Because of these and other challenges, establishing a national mandate for high-school and college civics courses will demand a wide array of support: from state governments that oversee high-school funding and requirements, from parents who pay for their children’s education, and from administrative bodies that certify institutions of higher education. For private schools that are less subject to public influence, requiring civics can and should be used as a selling point.
Perhaps the hardest challenge is to decide what, exactly, counts as “civics.” The battles between the “1619 Project” and the “1776 Project”—two divergent narratives about the arc of American history—and over how to teach matters relating to race demonstrate how politically charged it can be to determine what children learn. This is especially true for public high schools and publicly funded institutions of higher education.
But civics need not be all that controversial. An effective civics course would describe the foundational structures of American government: the nature of the three federal branches, and how they relate to one another and to state and local government. It would distinguish between representative and direct democracies, explain the two-party system, and cover fundamental matters such as checks and balances, judicial review, federalism, impeachment, filibusters, and gerrymandering. Teachers should emphasize both the rights and obligations of citizenship, and expose students to the basic texts of American democracy, including the Constitution, The Federalist Papers, and pivotal Supreme Court decisions.
More difficult is deciding what to include in the way of history. What events to highlight? How to present them? As a rule of thumb, any single framing of American history should be avoided. Where there is disagreement, various perspectives should be presented.

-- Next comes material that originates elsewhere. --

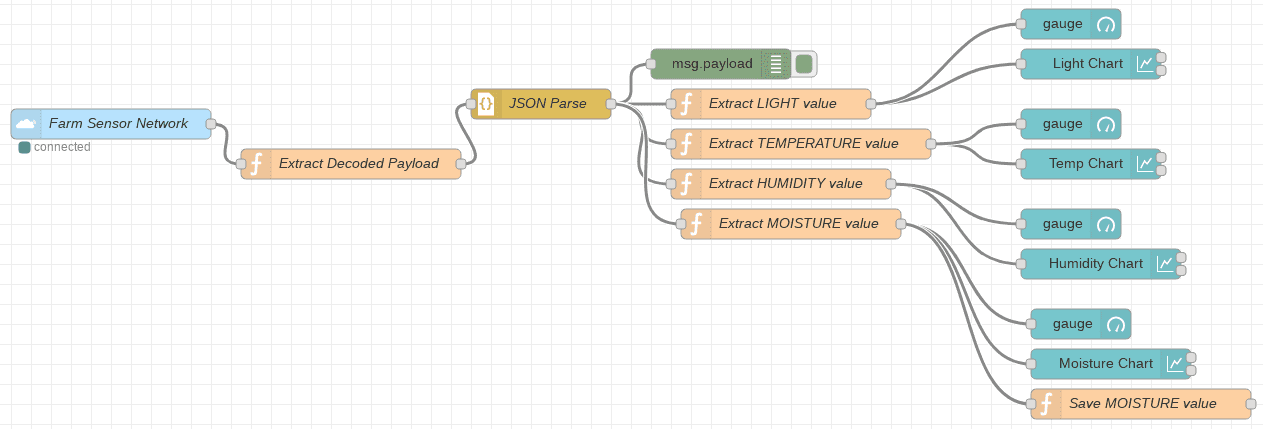 - In the same way we process that JSON in order to extract the light, temperature, humidity and moisture values thanks to other few function nodes

Civics courses should not try to settle the most contentious contemporary or historical matters, or advocate for any particular party or policy. Instead, they should present facts, describe significant events, and lay out the major debates of our past and present.
Designing a civics curriculum that is both useful and broadly acceptable won’t be easy. But there is perhaps no more urgent task if American democracy—and identity—is to survive another two decades, much less another two and a half centuries.
This article has been adapted from Richard Haass’s new book, The Bill of Obligations: The Ten Habits of Good Citizens.